Skinner wasn't ever "debunked". The point of Skinner was, in the early half of the last century, that we cannot reliably and objectively "introspect" into the brain. Remember that stuff like MRI was invented 10 years after Chomsky supposedly "debunked" Skinner and fMRI only in the early 90s.

With the advanced methods of today, it is very easy to label the work of scientists a century ago as absurd. But they didn't have all these modern measurement technology back then.

2 comments

Skinner was never "debunked" - as I said, behavioral methods are still used extensively and effectively. However in a historical context behaviorism was the dominant theory for a good 50 years or so. The adage about "every problem looks like a nail when you've a hammer". The issue is not about Skinner, more to do with mainstream academic thought, which being human is absolutely prone to its indulgences.
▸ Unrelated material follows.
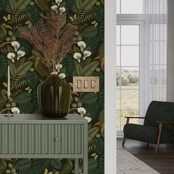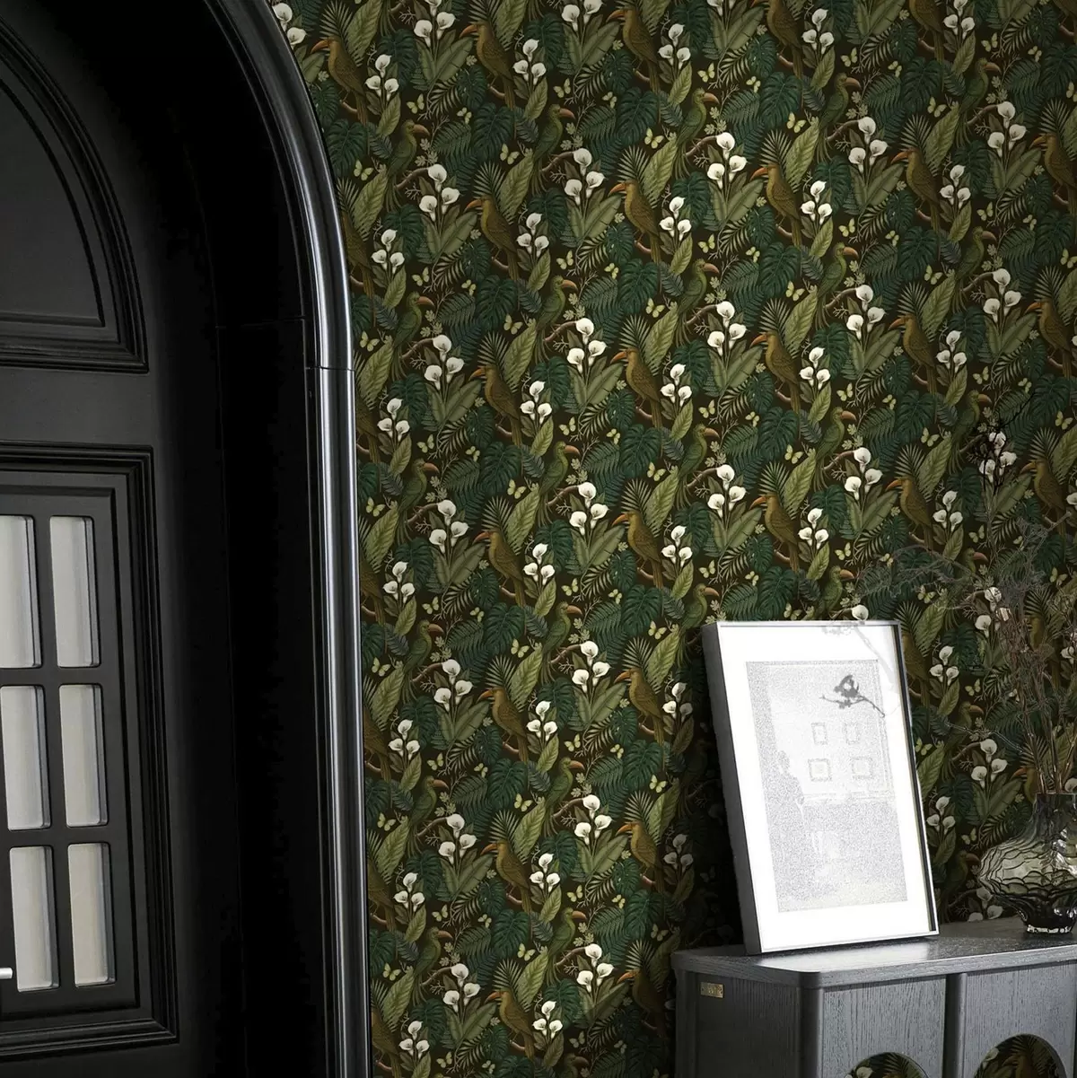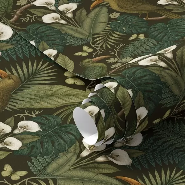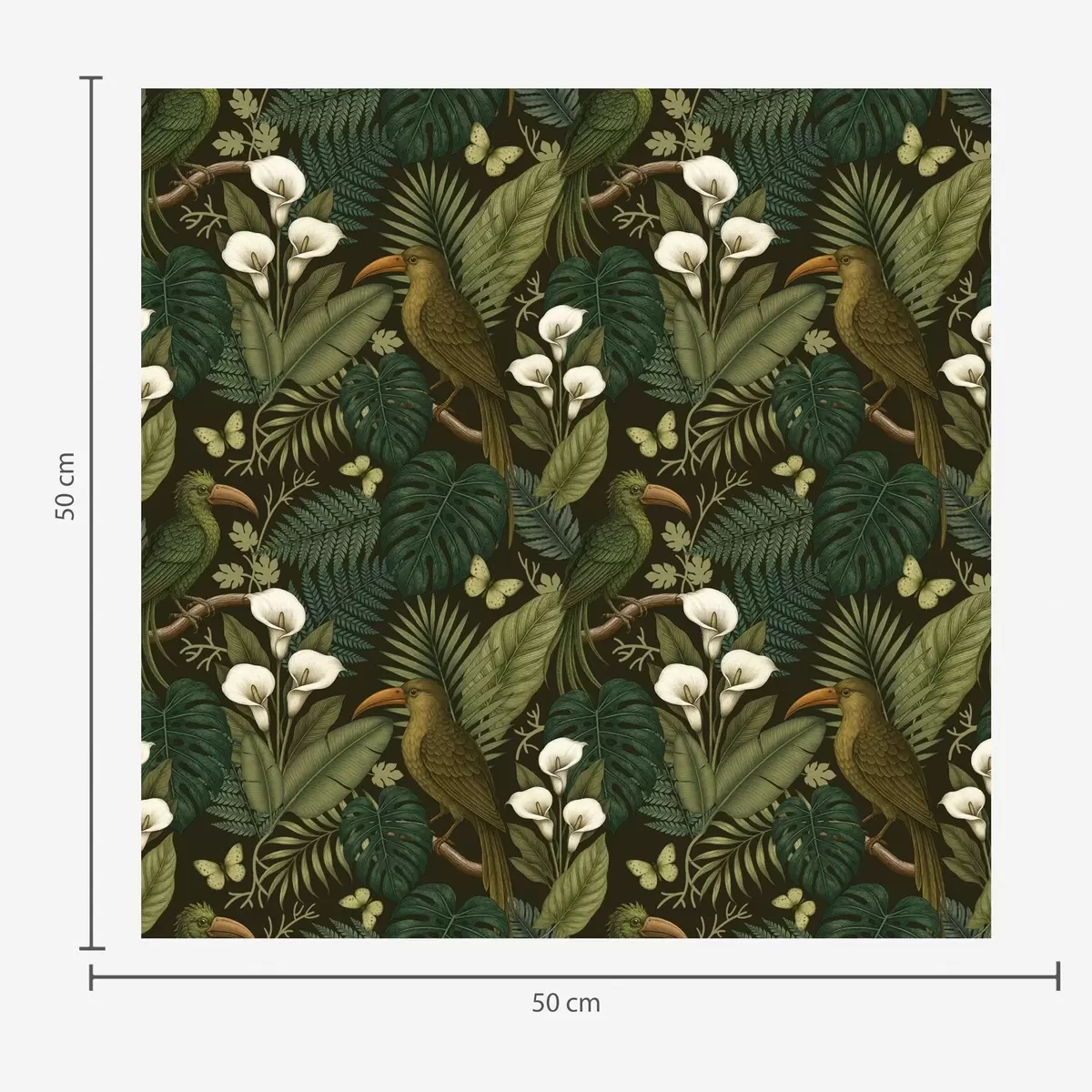Tapeta Tropske ptice i bujno zelenilo na tamnoj pozadini džungle br. a00397

I don't want to get into an ideological firefight. I was more responding to GP assertion that GGP's statement was based "on nothing". I was just providing the substance upon which the original statement was probably based.

Perhaps that is the point, lets not toss IIT out the window because we have not yet figured out a good way to measure it.

Were early theories of mind 'pseudoscience' because we didn't yet have MRI's to make them testable?